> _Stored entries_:

---

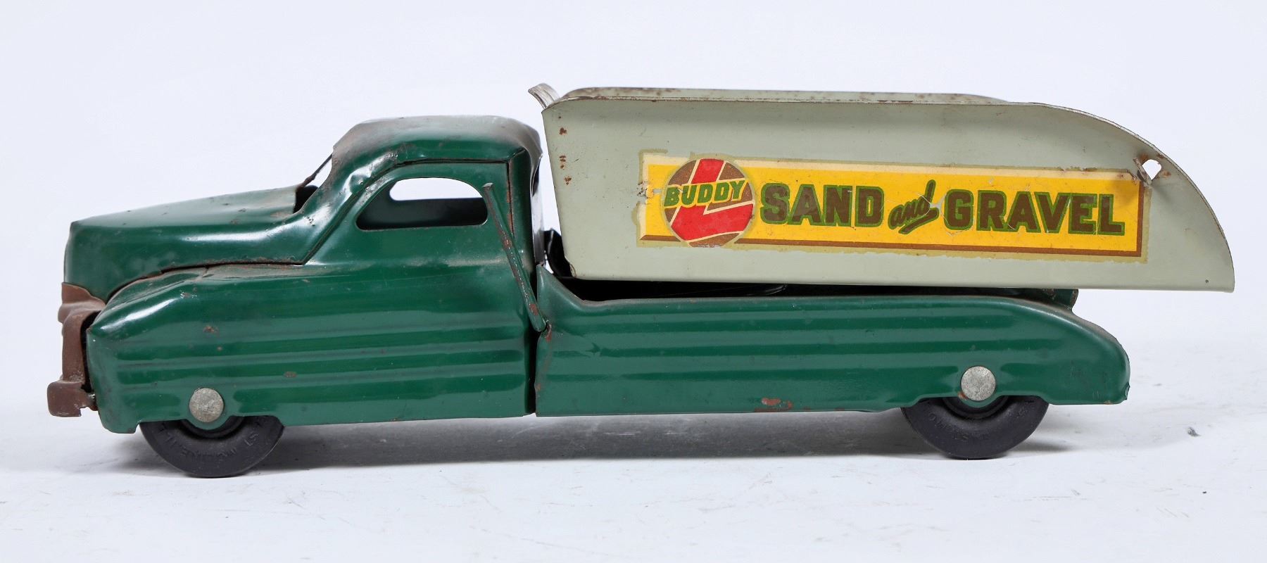 Truck B, the green/tan "Sand and Gravel" truck is complete with a functioning dump lever and back plate . Truck B's wheels are made of black polymer and don't show significant wear, with "Buddy 'L' Toys / East Moline. Ill" in raised lettering. The back plate has "1.50" hand-written in marker.
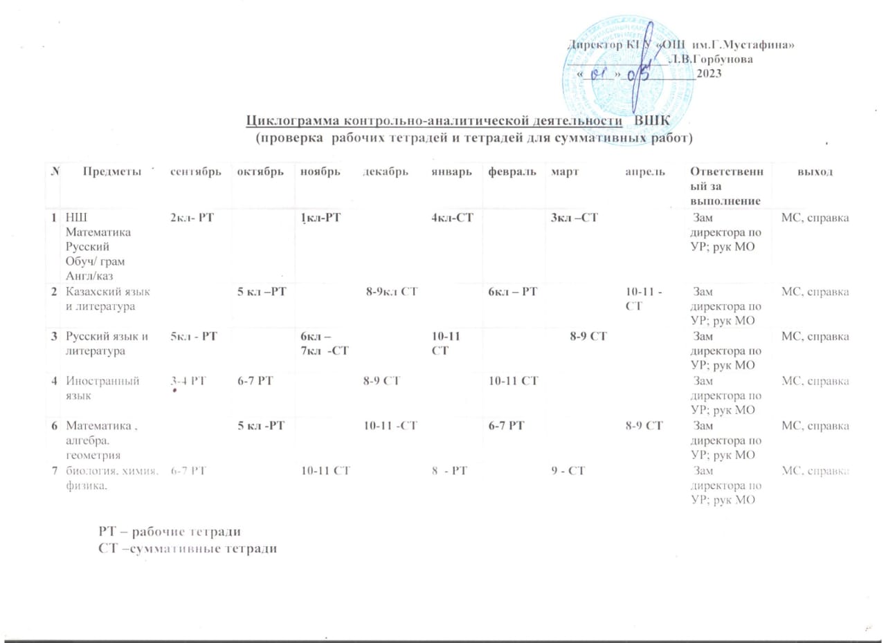 ПЛАН ВНУТРИШКОЛЬНОГО КОНТРОЛЯ2023-2024 учебный год |
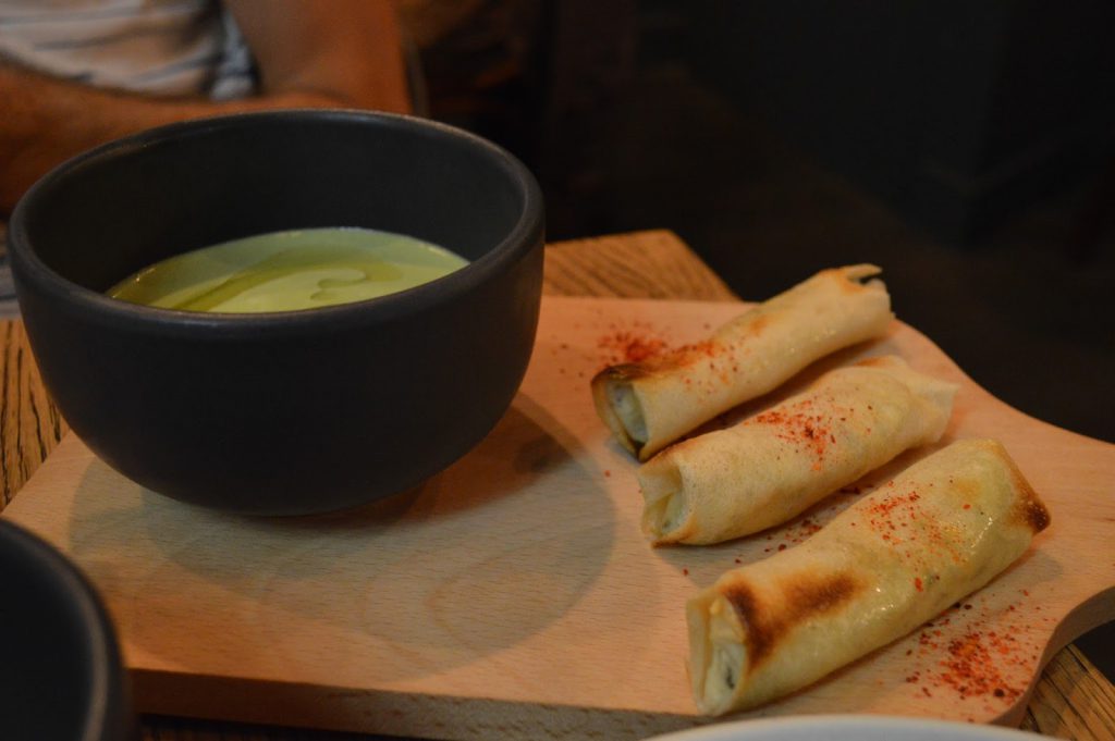 Velouté glacé petit pois et menthe, cigarettes de feta (7.50€) : un très bon mix, les cigarettes feta apportant une touche de sel et de craquant au velouté.
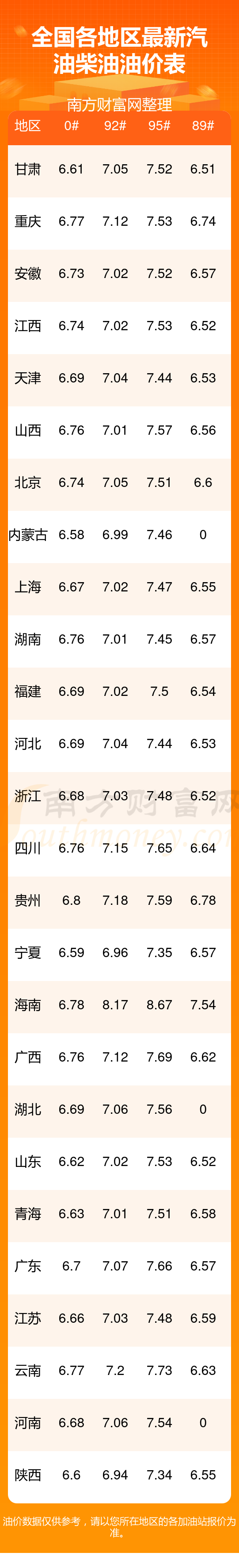 汽油、柴油10月24日每升的價格為10月14日調(diào)整后的價格,具體油價為:92號汽油7.01元;95號汽油7.57元;89號汽油6.56元;0號柴油6.76元。
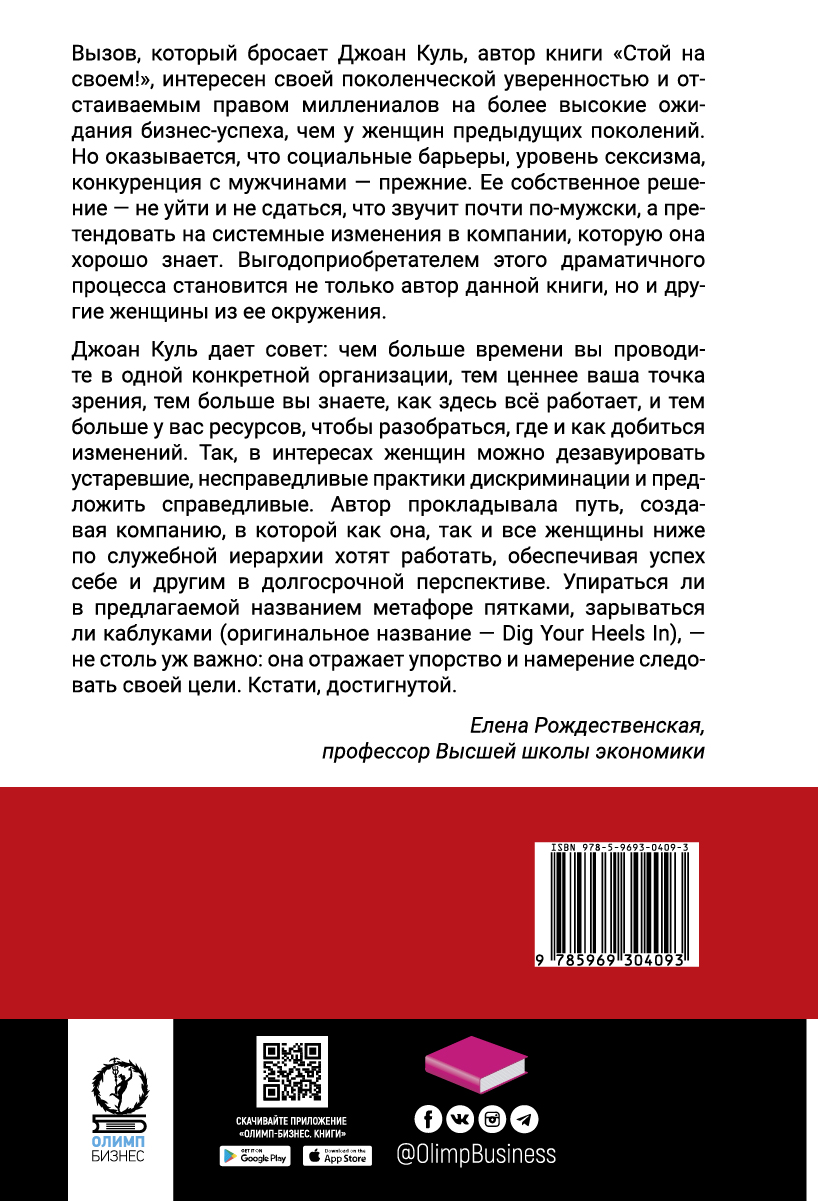 «Стой на своем!» - это руководство для женщин, настроенных на карьерный рост, которое создала и в течение многих лет внедряла в разных компаниях Джоан Куль. Следуя этой программе, можно избавить компанию от сексистских представлений о тендере и лидерстве, побороть в себе синдром самозванца и подняться по служебной лестнице. Джоан Куль показывает, как спланировать карьеру, доказать свою компетентность и где искать поддержку. Создание эффективного нетворкинга, подбор группы союзников, менторство и обязательная обратная связь - вот залог успеха. Джоан обращается и к важной «женской теме» - как работать в полную силу и не забывать о семье, материнстве и личной жизни. Книга адресована тем женщинам, кто стремится обрести уверенность в себе и хочет занять кресло руководителя.| Издательство | Олимп-Бизнес |
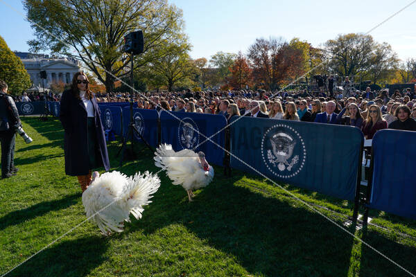 President Joe Biden pardons turkeys Peach and Blossom from Minnesota to celebrate the 77th anniversary of the National Thanksgiving Turkey presentation on the South Lawn of the White House
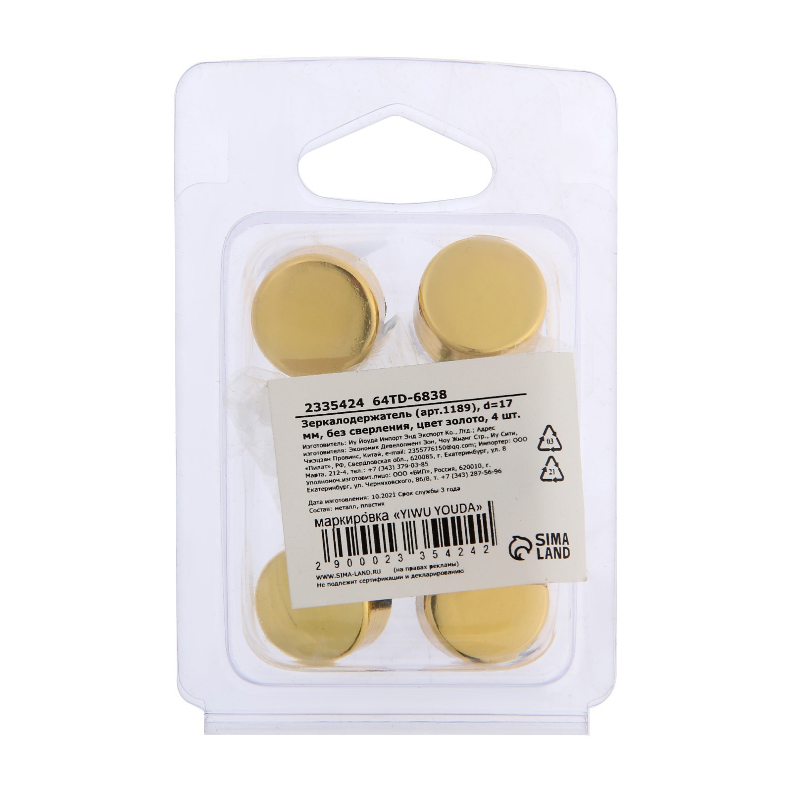 Зеркалодержатель (арт.1189), d=17 мм, без сверления, цвет золото, 4 шт.. Максимальная нагрузка на пару: бетон, полнотелый кирпич, натуральный камень - 20 кг.гипсокартон - 10 кг.Диаметр, мм:17|Гарантийный срок, мес.:6|Материал:Пластик|Материал:Металл|Цвет:Золото|Вид держателя:Держатель для зеркала|Страна:Китай  развернуть описание ▼

---

The entries must be written out again unchanged. Images are to be left out.

> _Your response_:
 Truck B, the green/tan "Sand and Gravel" truck is complete with a functioning dump lever and back plate . Truck B's wheels are made of black polymer and don't show significant wear, with "Buddy 'L' Toys / East Moline. Ill" in raised lettering. The back plate has "1.50" hand-written in marker.
 ПЛАН ВНУТРИШКОЛЬНОГО КОНТРОЛЯ2023-2024 учебный год |
 Velouté glacé petit pois et menthe, cigarettes de feta (7.50€) : un très bon mix, les cigarettes feta apportant une touche de sel et de craquant au velouté.
 汽油、柴油10月24日每升的價格為10月14日調(diào)整后的價格,具體油價為:92號汽油7.01元;95號汽油7.57元;89號汽油6.56元;0號柴油6.76元。
 «Стой на своем!» - это руководство для женщин, настроенных на карьерный рост, которое создала и в течение многих лет внедряла в разных компаниях Джоан Куль. Следуя этой программе, можно избавить компанию от сексистских представлений о тендере и лидерстве, побороть в себе синдром самозванца и подняться по служебной лестнице. Джоан Куль показывает, как спланировать карьеру, доказать свою компетентность и где искать поддержку. Создание эффективного нетворкинга, подбор группы союзников, менторство и обязательная обратная связь - вот залог успеха. Джоан обращается и к важной «женской теме» - как работать в полную силу и не забывать о семье, материнстве и личной жизни. Книга адресована тем женщинам, кто стремится обрести уверенность в себе и хочет занять кресло руководителя.| Издательство | Олимп-Бизнес |
 President Joe Biden pardons turkeys Peach and Blossom from Minnesota to celebrate the 77th anniversary of the National Thanksgiving Turkey presentation on the South Lawn of the White House
 Зеркалодержатель (арт.1189), d=17 мм, без сверления, цвет золото, 4 шт.. Максимальная нагрузка на пару: бетон, полнотелый кирпич, натуральный камень - 20 кг.гипсокартон - 10 кг.Диаметр, мм:17|Гарантийный срок, мес.:6|Материал:Пластик|Материал:Металл|Цвет:Золото|Вид держателя:Держатель для зеркала|Страна:Китай  развернуть описание ▼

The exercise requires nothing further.